Auditing firm loses human rights violation appeal
The Constitutional Court has overturned a judgment which had found that the fundamental human rights of an accountancy firm were violated. The judgment was delivered in a constitutional case filed by Deloitte and Touche Certified Public Accountants and...
The Constitutional Court has overturned a judgment which had found that the fundamental human rights of an accountancy firm were violated.
The judgment was delivered in a constitutional case filed by Deloitte and Touche Certified Public Accountants and Auditors and the firm's partners against the Attorney General and the Registrar of Courts.
The court heard that the firm had been used by Valle Del Miele Ltd in 2001 for work in connection with the Price Club chain of supermarkets.

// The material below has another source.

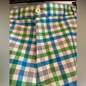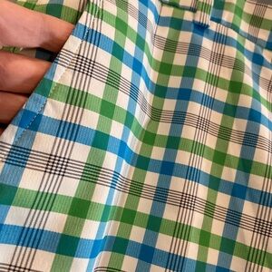 Spice up your game with these men's comfortable shorts featuring a vibrant blue and green plaid pattern, all day moisture management, button fly closure, belt loops, two front and two back pockets in excellent condition.

A preliminary judgment was delivered by the First Hall of the Civil Court in December 1, 2003, and the accountancy firm had requested the permission of that court to appeal from the judgment to the Court of Appeal.
The authorisation was given on December 12, 2003, and the firm lodged its appeal on December 29 of that year.
But in June, 2004, the Court of Appeal ruled that the appeal could not be accepted as it had not been filed within the legal time limit. According to the appellate court, an appeal from a preliminary judgment had to be filed within 20 days from the date of the judgment and not within 20 days from the authorisation to appeal.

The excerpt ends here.